With equal L3 caches when a process spills onto the second CCD it will still use the first's L3 cache as "L4" but it no longer has to evict that data at the same rate as the lopsided models. Additionally the first CCD can use the second CCD's L3 in kind reducing the number of requests that need to go to main memory.
The same sized L3s reduce contention to the IO die and the larger sized L3s reduce memory contention, it's a win-win.
The gain is very workload dependent, so there are no generally-applicable rules.
There are many applications which need synchronization between threads, so the speed of the slowest thread has a disproportionate influence on the performance.
In such applications, on X3D2 the slowest thread has a 3 times bigger cache on an X3D2 vs.

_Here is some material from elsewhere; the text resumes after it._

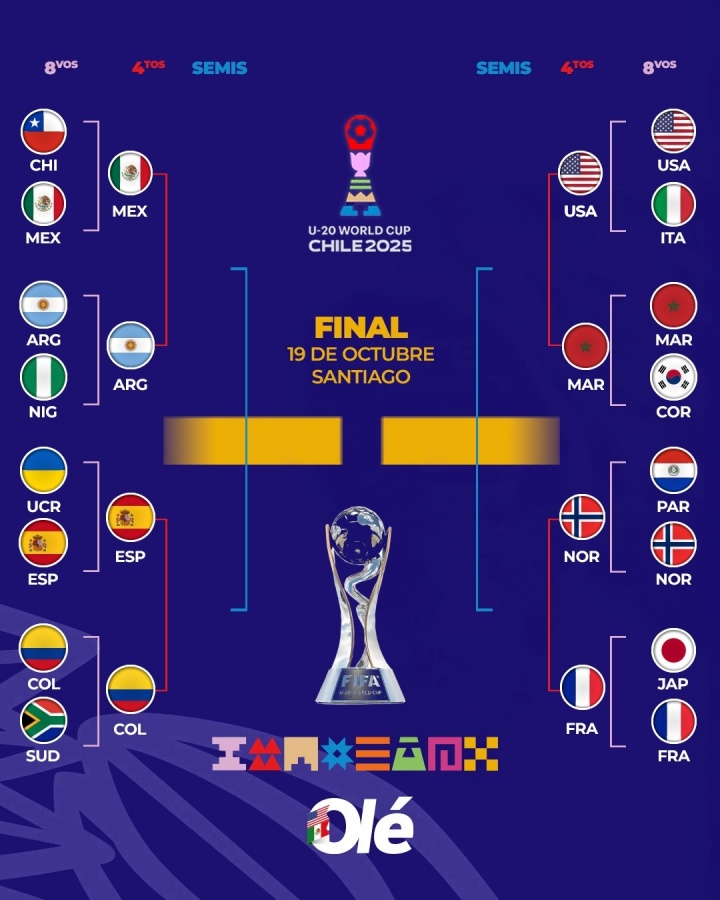 直播吧10月10日讯世青赛8强全部出炉,摩洛哥U20、墨西哥U20和西班牙U20全部晋级八强。
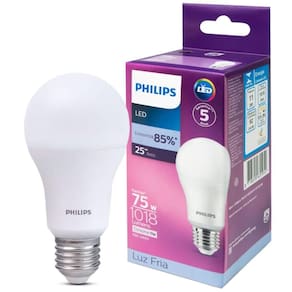 Lâmpada Led Bulbo A60 11 Watts 6500k Branco Frio Bivolt - 929003532312 - Philips Lâmpada Led Bulbo A60 11 Watts 6500k 1018lm Bivolt - 929003532312 - Philips Lâmpada Led Bulbo A60 11 Watts 6500K Branco Frio Bivolt - 929003532312 - PHILIPS Características Técnicas: - Garantia: 5 anos ( Fornecedor ) - Vida Útil (em Horas): 25000 - IRC (Índice de Reprodução de Cor): 80 - Índice de Proteção: IP20 - Sku marca: 929003532312 - Fluxo Luminoso (em Lúmens): 1018 - Base da Lâmpada: E27 - Temperatura de Cor (Kelvin - K): 6500K - Legenda Temperatura de Cor: Luz Branca Fria

X3D. That can make a lot of difference.
So there will be applications with no difference in performance, but also applications with a very large difference in performance, equal to the best performance differences shown by X3D vs. plain 9950X.

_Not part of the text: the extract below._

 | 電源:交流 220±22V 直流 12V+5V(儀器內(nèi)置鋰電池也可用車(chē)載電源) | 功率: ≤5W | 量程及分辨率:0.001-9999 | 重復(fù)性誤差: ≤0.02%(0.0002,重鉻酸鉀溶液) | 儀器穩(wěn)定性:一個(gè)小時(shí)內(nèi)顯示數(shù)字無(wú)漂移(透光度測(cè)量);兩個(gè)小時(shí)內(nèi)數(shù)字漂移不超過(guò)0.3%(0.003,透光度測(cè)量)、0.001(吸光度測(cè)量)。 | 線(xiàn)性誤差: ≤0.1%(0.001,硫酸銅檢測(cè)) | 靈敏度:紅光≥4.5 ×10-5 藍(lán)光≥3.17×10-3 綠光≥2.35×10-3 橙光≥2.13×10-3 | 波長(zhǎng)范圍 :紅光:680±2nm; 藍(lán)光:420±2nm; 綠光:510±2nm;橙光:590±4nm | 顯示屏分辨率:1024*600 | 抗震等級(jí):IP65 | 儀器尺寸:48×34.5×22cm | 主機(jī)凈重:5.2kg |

It really comes down to how much more this CPU is over the next one down if you're building a new rid for a long period of time. I'm running on a 5950X which is coming up on it's 6 years in November. I could have spend a little less on the next model down, but I expect this rig will last me for a few more years (especially with how much memory is). The per year extra expense for that CPU was almost nothing over its lifetime.
Now, would I upgrade an existing computer with a slightly slower processor with it, probably not.
I know the prices of RAM are high, but 256GB RAM limit seems like omission. If they supported at least 512GB in quad or eight channel that would be something worth looking at for me. I know there is Threadripper but ECC memory is out of reach.
Given that the dies still have L3 on them does this count as L4 or does the hardware treat it as a single pool of L3?
Would be neat to have an additional cache layer of ~1 GB of HBM on the package but I guess there's no way that happens in the consumer space any time soon.
Per compute die it functions as one 96M L3 with uniform latency. It is 4 cycles more latency than the configuration with smaller 32M L3. But there are two compute dies, each with their own L3. And like the 9950X coherency between these two L3 is maintained over global memory interconnect to the third (IO) die.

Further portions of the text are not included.